The Federal Reserve System is in its centennial year, offering an opportunity for reflection on the Fed’s role in the economy, its organization, and its independence from the government. This discussion is hardly academic. Serious reevaluation of the Fed’s organization or leadership took place after the financial crisis of the 1930s and the inflationary excesses of the 1970s. The Fed’s scope and power grew with the passing of the Dodd-Frank Act in the aftermath of the 2007–09 financial crisis, and its dominant role in financial regulation has made it even more enmeshed with politics.
Against this backdrop lies another pressing reason to discuss the Fed’s mandate and organization — the imminent selection of a new Federal Reserve Board chairman and the likelihood that the president will appoint a new majority of Fed governors over the remainder of his term. In place of this serious discussion, the White House has allowed, if not orchestrated, a circus campaign of personality.
The nation deserves better. Discussion and debate of “what” the Fed should do and “how” it should be organized will be crucial for the success of its future leaders. And that discussion should precede the talk of “who” should lead the Fed.

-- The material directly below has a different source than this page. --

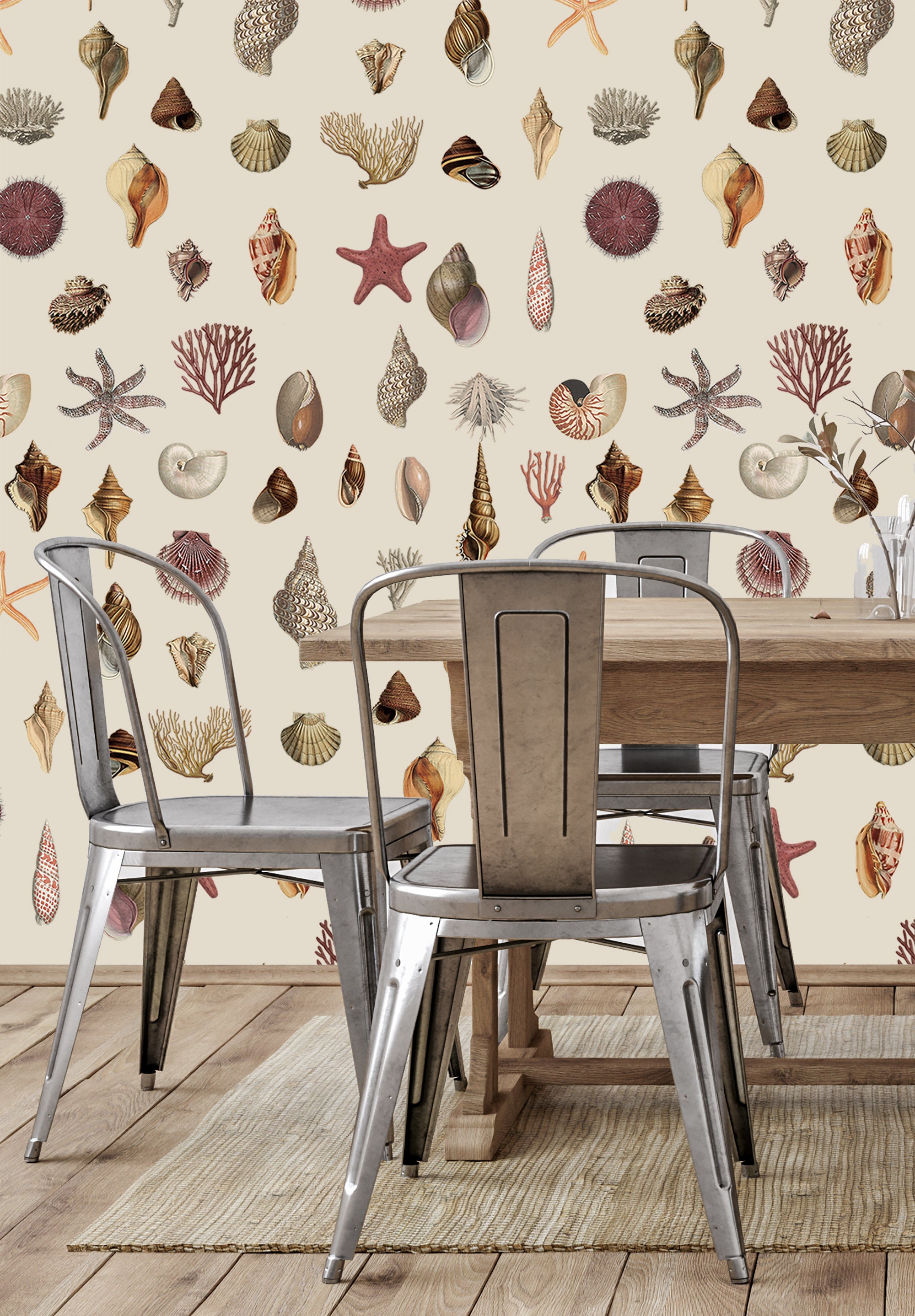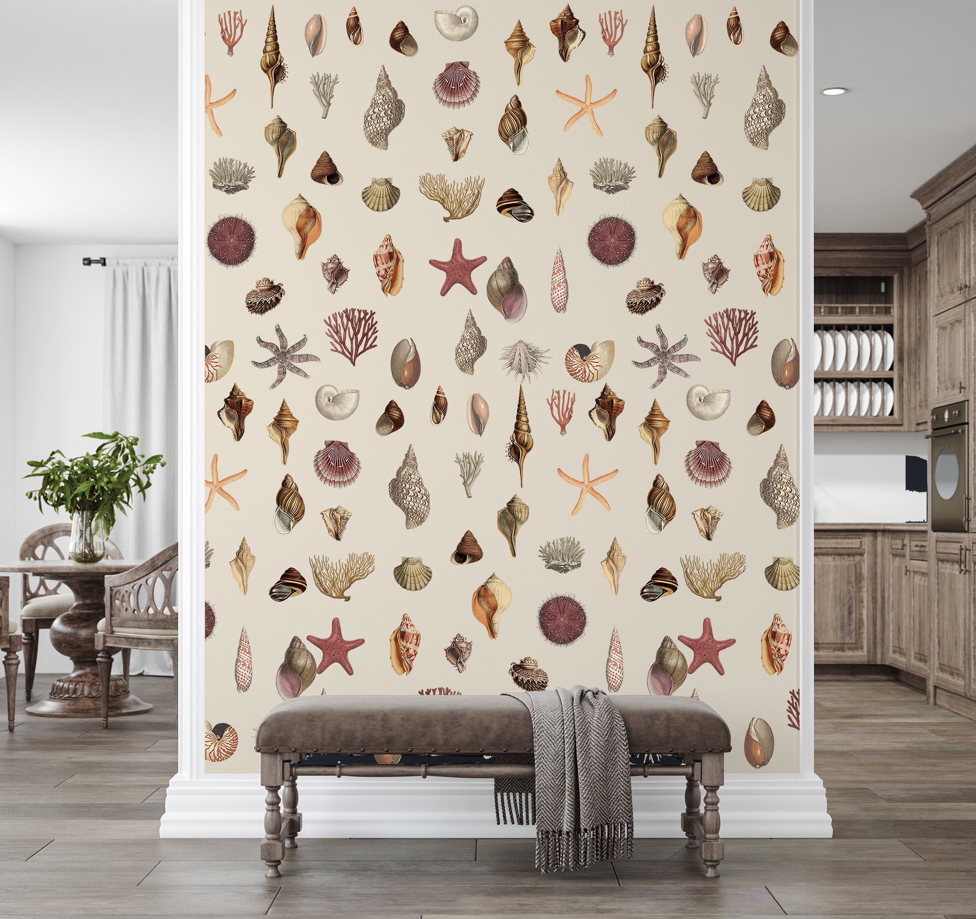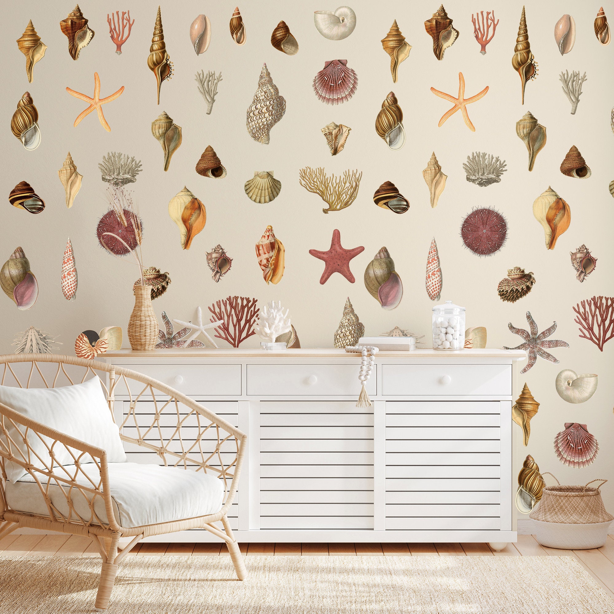 Vintage Seashell Wallpaper: Coastal Beach House Decor, Peel and Stick Wall Mural

#ad#New lending tools and a quantitative-easing program have significantly expanded traditional discount lending and Federal Reserve open-market operations. To taper or not to taper is the question on tongues in the United States and emerging economies alike. Likewise the Fed will lead a new regulatory architecture for bank and non-bank “systemically important financial institutions.” While the Fed has come up with technical policy responses to address the macroeconomic fallout of the crisis and President Obama and Congress emphasized technical rule-making and regulatory power in the Dodd-Frank Act, questions of the Fed’s judgment about the build-up of financial excesses and the costs of their unwinding remain. In addition, the question of whether the Fed’s mandate should be amended to include specific weight on maintaining financial stability is important. Finally, the expansion of the Fed’s scope has led and almost surely will continue to lead to a divergence of views among Fed officials about strategy and tactics for monetary policy and financial regulation.
These questions and changes yield three clear criteria for selecting a new Fed chairman — experience, independence, and leadership.
The chairman’s experience should include knowledge of monetary policy, the financial system, and links between financial imbalances and economic fluctuations. This experience should ideally be both in intellectual frameworks — how economic models work — and practical understanding – how financial markets work and financial practices evolve. Chairman Alan Greenspan’s practical knowledge of technology-fueled productivity growth in the 1990s allowed him to intuit a faster speed limit for the economy than traditional economic models suggested. The Fed benefited from Chairman Bernanke’s intellectual background in understanding financial crises, though it seems to have lacked adequate practical knowledge of the risks of imbalances in the financial system.
Federal Reserve independence — for the institution and its chairman — is critical. A classic study by Harvard economists Alberto Alesina and Lawrence Summers concluded that economies with independent central banks had lower inflation rates than countries in which independence was lacking. Today, an emphasis on independence extends to the stability of financial markets: Whether or not financial stability becomes part of the Fed’s official mandate, the central bank should be able to lean against financial imbalances without political interference. Independence is not just a de jure concept. In particular, the chairman’s political independence, in addition to the organization’s, matters: Fed chairman Arthur Burns’s close political ties with the Nixon administration likely contributed to excessively expansionary and ultimately inflationary pressure even in a formally independent Fed.
Finally, leadership skill is a key criterion by which a new Fed chairman should be judged. For the Fed, such skill must extend beyond articulating and communicating goals. The ability to forge consensus has always been an important attribute of the Fed chief — the Federal Open Market Committee as a group makes decisions about monetary policy, and the Board of Governors as a group makes decisions about extraordinary actions. But the expansion of Fed responsibility — particularly in unconventional monetary policy and financial regulation — has brought out a greater divergence of views among Fed officials. There is no going back to an imperial-chairman model.
The nation’s tepid economic recovery and legitimate concerns over the course of financial regulation make President Obama’s choice of the next Fed chairman — and other Fed governors — particularly significant. The president needs to communicate what he thinks the Fed’s role should be and what his criteria are for selecting its head. Experience, independence, and leadership should be key factors in guiding the president’s choice. If the president has other factors instead in mind, he should set them forth.
— R. Glenn Hubbard, dean of Columbia Business School, was chairman of the Council of Economic Advisers under President George W. Bush.